SOURCE DATA below:
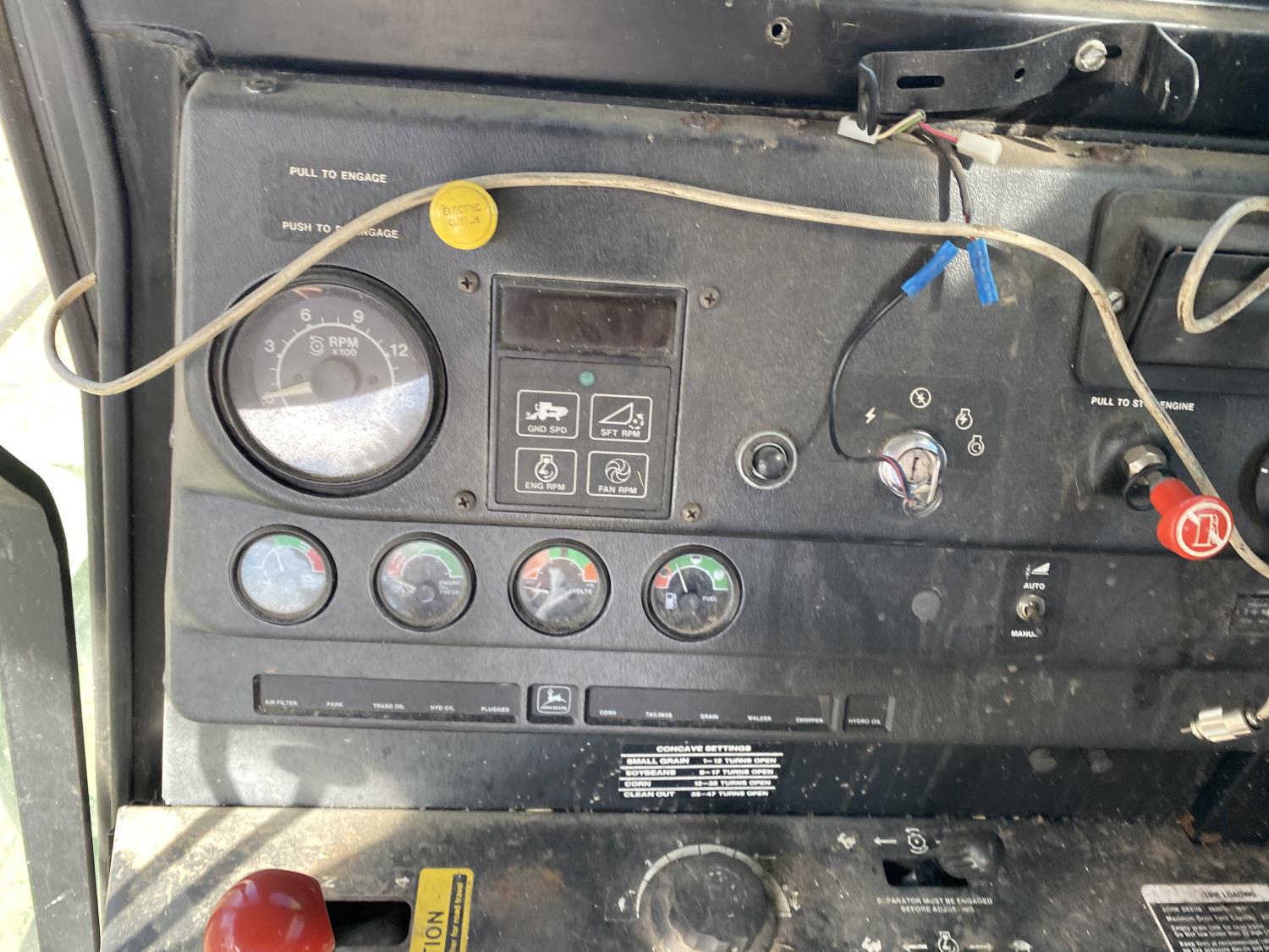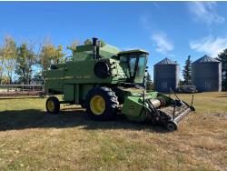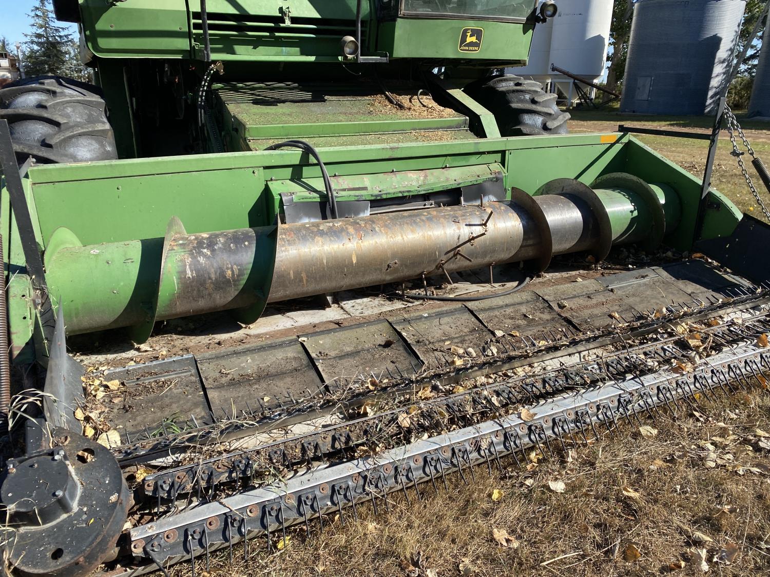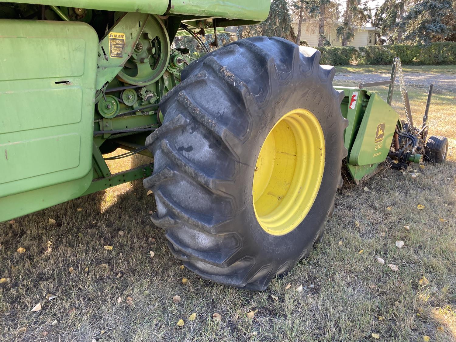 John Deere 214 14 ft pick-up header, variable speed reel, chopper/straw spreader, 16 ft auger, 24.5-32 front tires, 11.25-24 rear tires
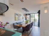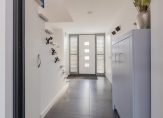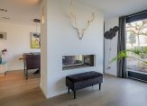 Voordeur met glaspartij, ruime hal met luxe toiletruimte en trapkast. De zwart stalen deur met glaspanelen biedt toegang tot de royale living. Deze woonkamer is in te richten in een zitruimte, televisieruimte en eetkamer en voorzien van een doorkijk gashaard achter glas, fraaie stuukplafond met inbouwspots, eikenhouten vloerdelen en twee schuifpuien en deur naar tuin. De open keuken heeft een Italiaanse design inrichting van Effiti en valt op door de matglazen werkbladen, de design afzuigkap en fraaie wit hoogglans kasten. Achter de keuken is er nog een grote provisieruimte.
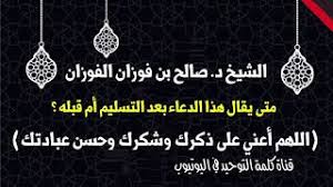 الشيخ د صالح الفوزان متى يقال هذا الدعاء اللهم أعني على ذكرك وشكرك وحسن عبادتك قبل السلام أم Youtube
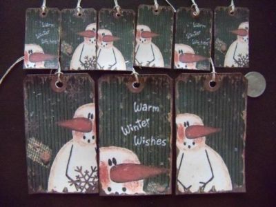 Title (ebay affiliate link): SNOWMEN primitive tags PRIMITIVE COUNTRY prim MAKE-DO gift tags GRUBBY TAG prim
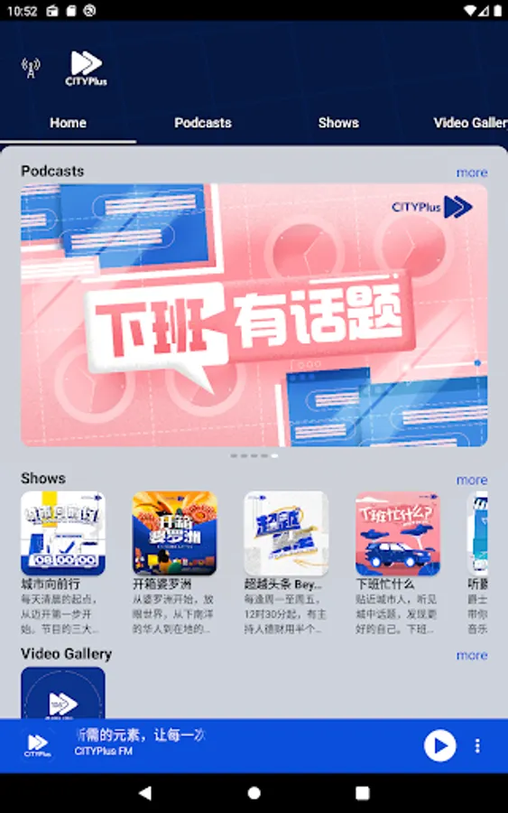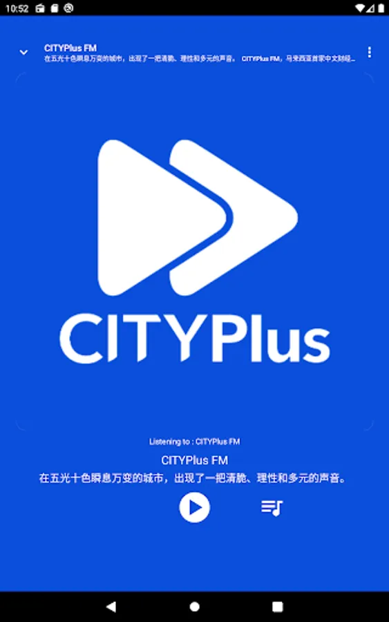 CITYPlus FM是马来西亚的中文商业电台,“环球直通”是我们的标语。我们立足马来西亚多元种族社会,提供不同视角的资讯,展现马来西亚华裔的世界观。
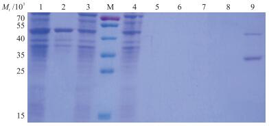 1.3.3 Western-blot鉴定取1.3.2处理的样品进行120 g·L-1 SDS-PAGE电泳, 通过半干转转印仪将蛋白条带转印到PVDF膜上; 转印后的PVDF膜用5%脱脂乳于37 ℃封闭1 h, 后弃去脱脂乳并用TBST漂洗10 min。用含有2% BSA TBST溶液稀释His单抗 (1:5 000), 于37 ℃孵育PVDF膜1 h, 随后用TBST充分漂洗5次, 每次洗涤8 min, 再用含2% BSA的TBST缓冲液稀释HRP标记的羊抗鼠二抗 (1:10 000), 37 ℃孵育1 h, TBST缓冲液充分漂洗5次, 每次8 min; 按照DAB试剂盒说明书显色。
End of SOURCE DATA.
EXERCISE AIM |
Your task is to set down each line above verbatim while excluding the pictures.

WRITTEN ANSWER |
 John Deere 214 14 ft pick-up header, variable speed reel, chopper/straw spreader, 16 ft auger, 24.5-32 front tires, 11.25-24 rear tires
 Voordeur met glaspartij, ruime hal met luxe toiletruimte en trapkast. De zwart stalen deur met glaspanelen biedt toegang tot de royale living. Deze woonkamer is in te richten in een zitruimte, televisieruimte en eetkamer en voorzien van een doorkijk gashaard achter glas, fraaie stuukplafond met inbouwspots, eikenhouten vloerdelen en twee schuifpuien en deur naar tuin. De open keuken heeft een Italiaanse design inrichting van Effiti en valt op door de matglazen werkbladen, de design afzuigkap en fraaie wit hoogglans kasten. Achter de keuken is er nog een grote provisieruimte.
 الشيخ د صالح الفوزان متى يقال هذا الدعاء اللهم أعني على ذكرك وشكرك وحسن عبادتك قبل السلام أم Youtube
 Title (ebay affiliate link): SNOWMEN primitive tags PRIMITIVE COUNTRY prim MAKE-DO gift tags GRUBBY TAG prim
 CITYPlus FM是马来西亚的中文商业电台,“环球直通”是我们的标语。我们立足马来西亚多元种族社会,提供不同视角的资讯,展现马来西亚华裔的世界观。
 1.3.3 Western-blot鉴定取1.3.2处理的样品进行120 g·L-1 SDS-PAGE电泳, 通过半干转转印仪将蛋白条带转印到PVDF膜上; 转印后的PVDF膜用5%脱脂乳于37 ℃封闭1 h, 后弃去脱脂乳并用TBST漂洗10 min。用含有2% BSA TBST溶液稀释His单抗 (1:5 000), 于37 ℃孵育PVDF膜1 h, 随后用TBST充分漂洗5次, 每次洗涤8 min, 再用含2% BSA的TBST缓冲液稀释HRP标记的羊抗鼠二抗 (1:10 000), 37 ℃孵育1 h, TBST缓冲液充分漂洗5次, 每次8 min; 按照DAB试剂盒说明书显色。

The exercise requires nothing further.